Porsche 911 restomods have become a bit of a cliché. New makers of them pop up almost weekly, promising analogue thrills and retro-modern looks. But Lanzante, the British firm known for maintaining many of the world's McLaren Fls and for making race and track-only cars road-legal, has produced one with a genuine difference. Rather than upgrade the contemporary flat-six engine, as is par for the course, it opted to retrofit a 1980s 911 with an actual Formula 1 V6 from McLaren's back catalogue.
Developed by Porsche and named the TAG after the F1 team's contemporary title sponsor (see box), the turbocharged 1.5-litre unit is rumoured to have put out more than 1000bhp in qualifying trim.

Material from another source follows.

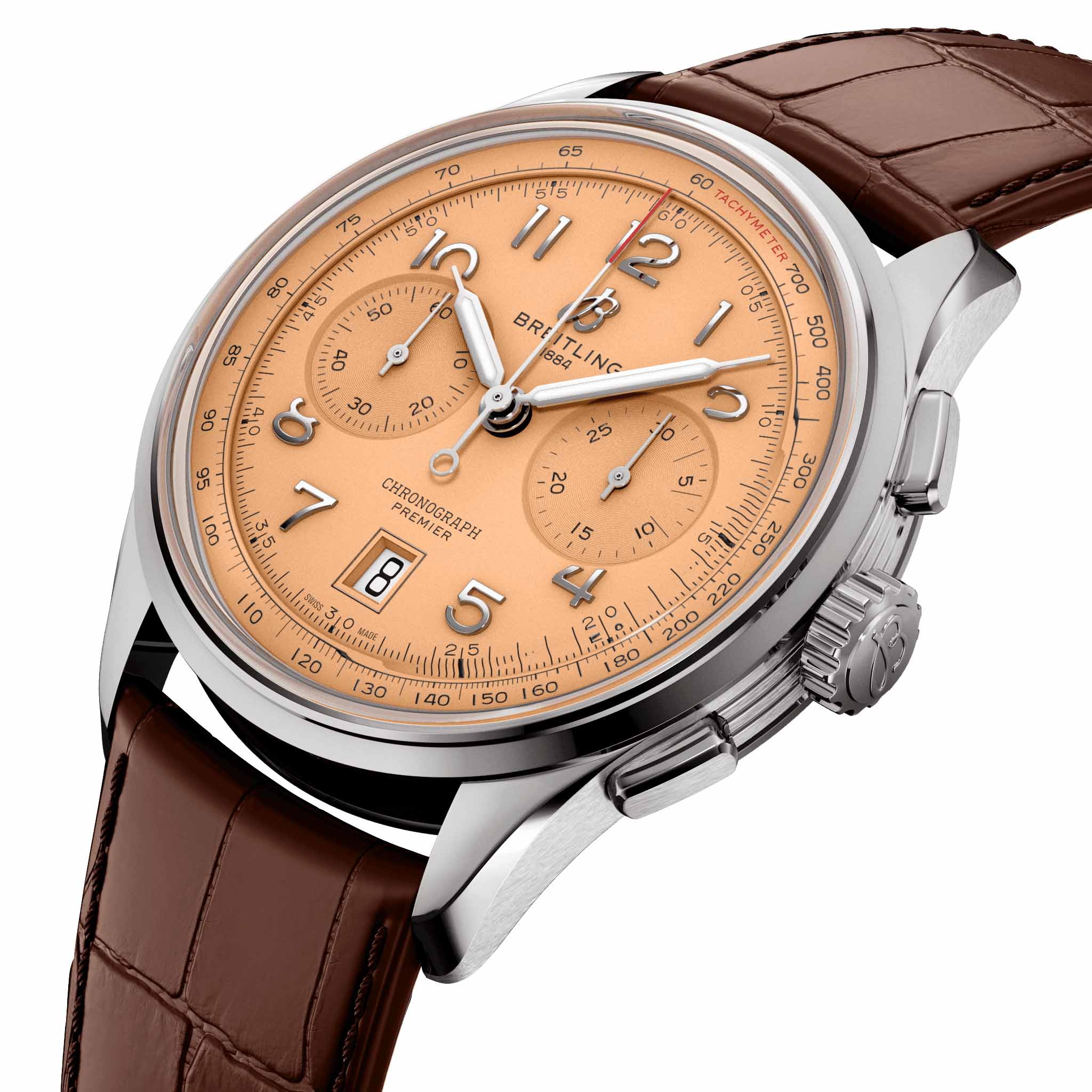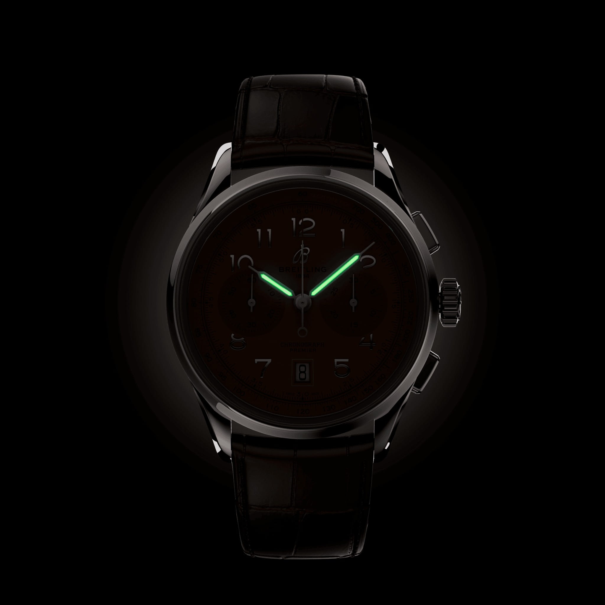 Мужские швейцарские часы-хронографХронографФункция позволяет измерять отрезки времени с особой точностью: часы, минуты, секунды. Верным признаком хронографа является наличие на циферблате 3 дополнительных окошек-счётчиков. с тахиметромТахиметрРазмеченная шкала, располагается на ободке или безеле часов. Тахиметр позволяет рассчитать скорость на определённом участке пути, расстояние измеряется в километрах или милях. Breitling Premier B01 Chronograph 42 AB0145331K1P2, механический механизм (автоматический калибр) с высокой точностью. Сапфировое стеклоСапфировое стеклоПрочный и надёжный материал из кристалла сапфира синтетического происхождения, характеризующийся особой твёрдостью и устойчивостью к царапинам и повреждениям. с антибликовым покрытием устойчивое к появлению царапин, обладающее высокой прозрачностью. Класс водозащиты: 100 метров, позволит плавать, нырять и заниматься другими водными видами спорта. Корпус часов изготовлен из стали. Кожаный крокодиловый ремешок с раскладной застёжкойРаскладная застёжкаТакой тип застёжки используется только на браслетах из металла. Она никогда не раскрывается полностью, происходит разделение на 2 и более частей. Раскладывающая застёжка снизит вероятность потери часов к минимуму.. Стрелки с люминесцентным покрытиемЛюминесцентное покрытиеПозволяет считывать показания времени в темноте. Производители наносят на стрелки, часовые индексы, безель или поверхность циферблата светонакопительный состав, дающий холодное свечение.. Окошко даты находится в положении 6 часов.

Retrofitting such a potent powerplant into a classic is a tantalising proposition - yet, as Dean Lanzante told me at the Goodwood Festival of Speed, that was not the original plan. He simply wanted to purchase McLaren's original TAG engine test mule, a 930-generation 911 Turbo, from the group's Racing division. Boss Zak Brown politely declined the request, but Lanzante was undeterred.
"They had a load of engines.
These engines had stood since the '80s, but they were all crated up," he recalled.
Sensing an opportunity, Lanzante began to assemble a business case for building a small run of road cars referencing that original mule.